On Loving the Local Moment

“The greatest thing a human soul ever does in this world is to see something and tell what it saw in a plain way. Hundreds of people can talk for one who can think, but thousands can think for one who can see. To see clearly is poetry, prophecy and religion, all in one.” John Ruskin
When I was a young man, under the influence of my favorite writer (Ray Bradbury), I made it my goal to lead an observant life. I would watch carefully, I would go through life, thought I, with my wits about me, "my brights full on." 

I don't think I ever really accomplished that noble goal though. Looking back over my life, I would say in retrospect that I must have been sleepwalking. 

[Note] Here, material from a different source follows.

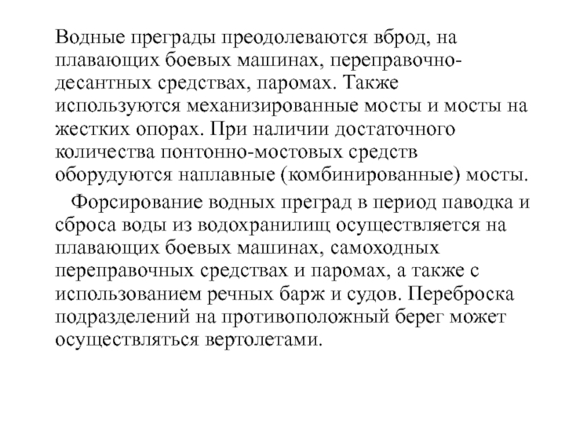 Форсирование водных преград в период паводка и сброса воды из водохранилищ осуществляется на плавающих боевых машинах, самоходных переправочных средствах и паромах, а также с использованием речных барж и судов. Переброска подразделений на противоположный берег может осуществляться вертолетами.

But this is no lament, no tale of personal woe. Life tends to gang up on a person, making mincemeat of all our lofty expectations. But here's where Father Stephen Freeman's 8th answer to his question, "How should we live?" comes in. 
Eighth, as much as possible, think small. You are not in charge of the world. Love what is local, at hand, personal, intimate, unique, and natural. It’s a preference that matters.
 Life is big. It's sprawling and disordered and difficult to summarize or understand "in a nutshell." Meanwhile the moment is here before us, always, but mostly quite mundane and familiar. We're bound to it, whether we like it or not. We may spend all our time wrapped up in fantasies that take us far from where we actually are (space trilogies and world politcs), but the here is always there, around us, moment by moment. And some say, if we only look, we might discover treasures.

That's what Bradbury was about. And the great Chinese poets, and Frost and Whitman, and so many others. They were all about the momentousness of the moment. They believed, I suppose, that before you could aspire to see the big picture, you had to pick a piece of ground to see from, and begin there, at the local, the near at hand, in the present moment. That's what I'll call the local moment.

If we do not value and respect the local moment, we will not value the far-flung. If we do not truly see the near-at-hand, but live instead in a mindscape of principles and theories, we will never be capable of truly being a neighbor. 

Jesus told a story about three men who, passing along a road, each come upon another man who had been assailed by thieves and left for dead in the ditch. The first two men see the wounded man in the ditch and immediately veer away to the other side of the road. They're thinking about what might happen should they stop and help the wounded man. Their minds are ranging beyond the moment and its obvious need to scenarios and speculations, and this actually prevents them from reacting to the crisis at hand. It is the third man, the Samaritan, who sees the need and responds with the necessary aid, no matter the consequences.

In the end Jesus asks his listeners, "Which of these men was truly a neighbor?" You might say the answer to that question is, the one who was living in the moment.